Abstract:The Ig-like cell adhesion molecule (IgCAM) brain- and testis-specific immunoglobulin superfamily (BT-IgSF) protein plays a major role in male fertility in mice. However, the molecular mechanism by which BT-IgSF supports fertility is unclear. Here, we found that it is localized in Sertoli cells at the blood-testis barrier (BTB) and at the apical ectoplasmic specialization. Absence of BT-IgSF in Sertoli cells in both global and conditional mouse mutants (i.e. AMHCre and Rosa26CreERT2 lines) resulted in male infertility, atrophic testes with vacuolation, azoospermia, and spermatogenesis arrest. Although transcripts of junctional proteins such as connexin43, ZO-1, occludin, and claudin11 were upregulated in the absence of BT-IgSF, the functional integrity of the BTB was impaired, as revealed by injection of a BTB-impermeable component into the testes under in vivo conditions. Disruption of the BTB coincided with mislocalization of connexin43, which was present throughout the seminiferous epithelium and not restricted to the BTB as in wildtype tissues, suggesting impaired cell-cell communication in the BT-IgSF-KO mice. Since EM images revealed a normal BTB structure between Sertoli cells in the BT-IgSF-KO mice, we conclude that infertility in these mice is most likely caused by a functionally impaired BTB. In summary, our results indicate that BT-IgSF is expressed at the BTB and is required for male fertility by supporting the functional integrity of the BTB.

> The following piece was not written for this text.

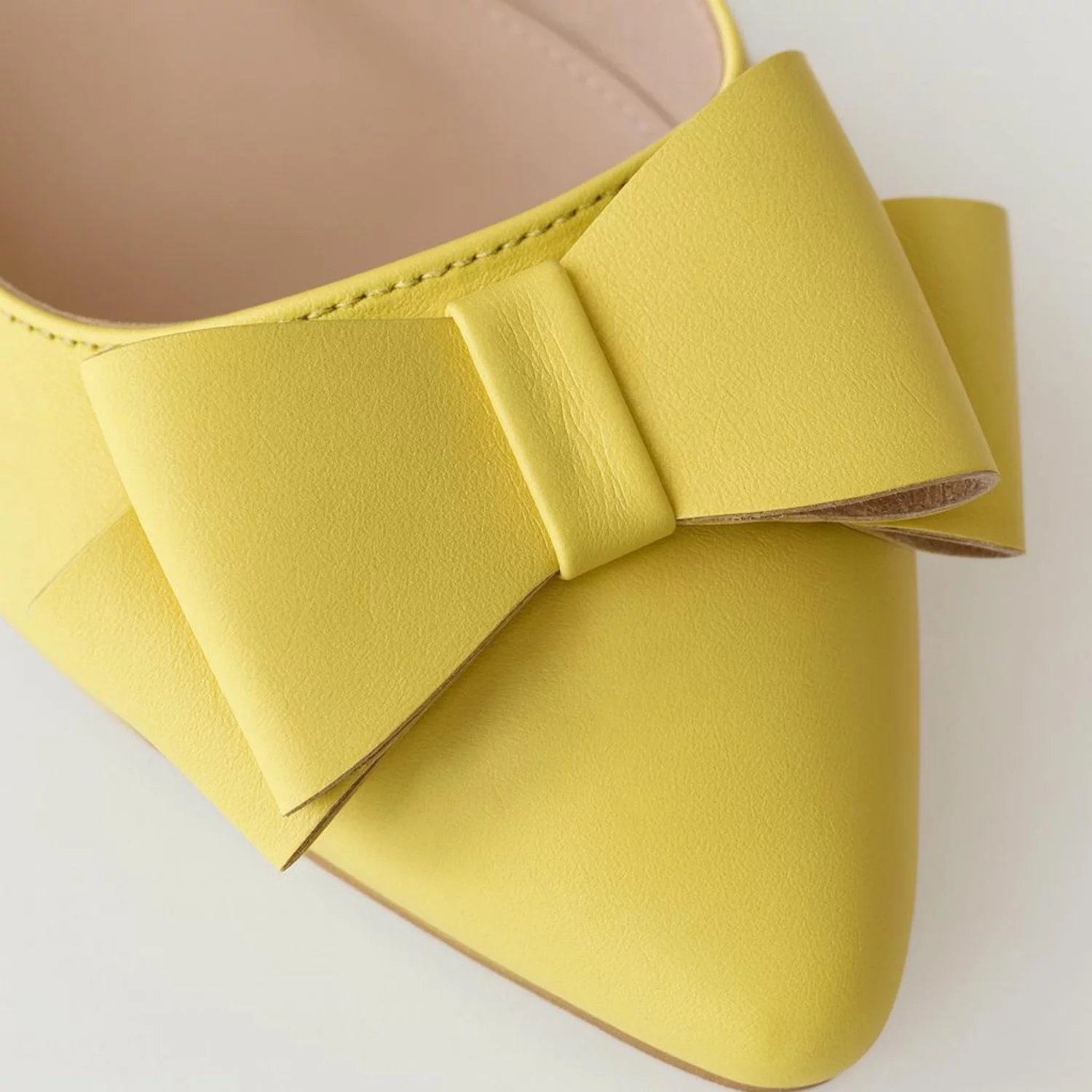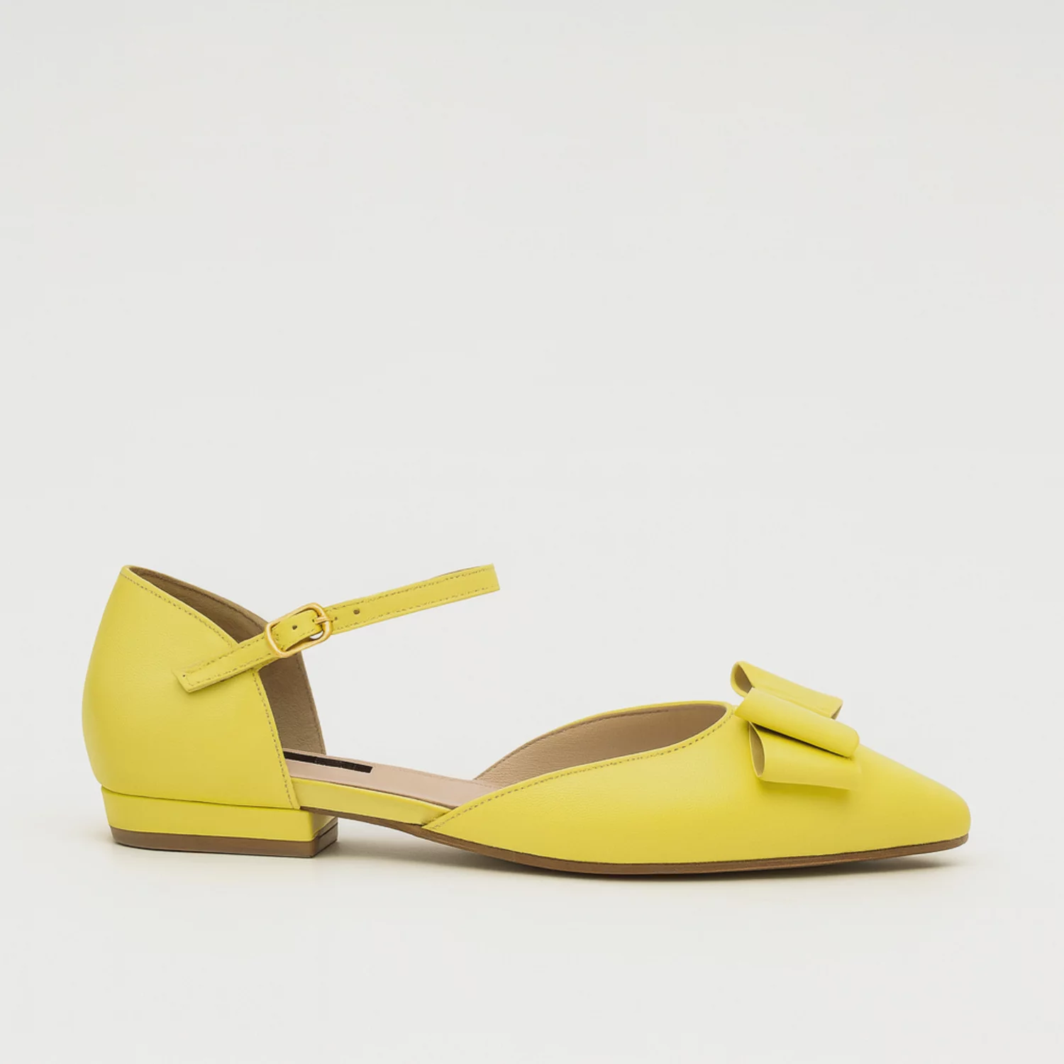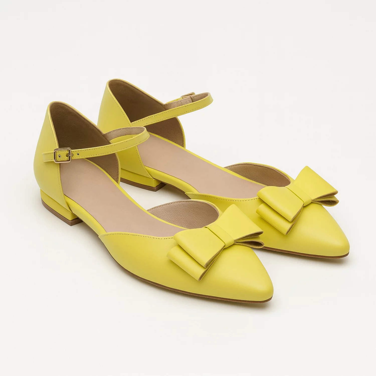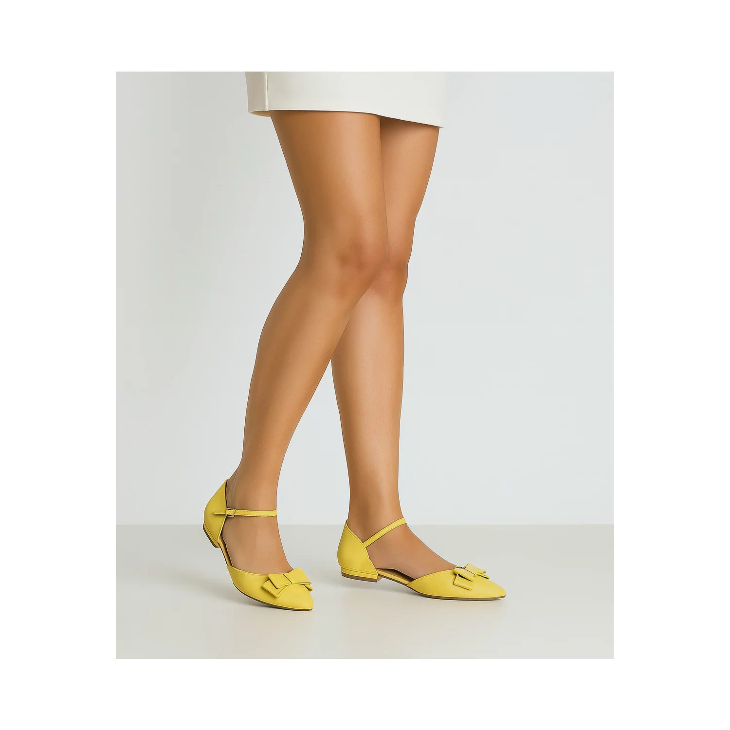 - Balerini decupati din piele naturala galben pai cu funda. Confectionti din piele naturala galben pai.

Keywords:Blood-Testis Barrier, BT-IgSF (IgSF11), Connexin43, IgCAM, Male Fertility, Cell Adhesion, Testis, Spermatogenesis, IgCAM BT-IgSF (IgSF11), Animals, Mice
Source:Journal of Biological Chemistry
ISSN:0021-9258
Publisher:American Society for Biochemistry and Molecular Biology
Volume:292
Number:52
Page Range:21490-21503
Date:29 December 2017
Additional Information:Copyright © 2017 by The American Society for Biochemistry and Molecular Biology, Inc.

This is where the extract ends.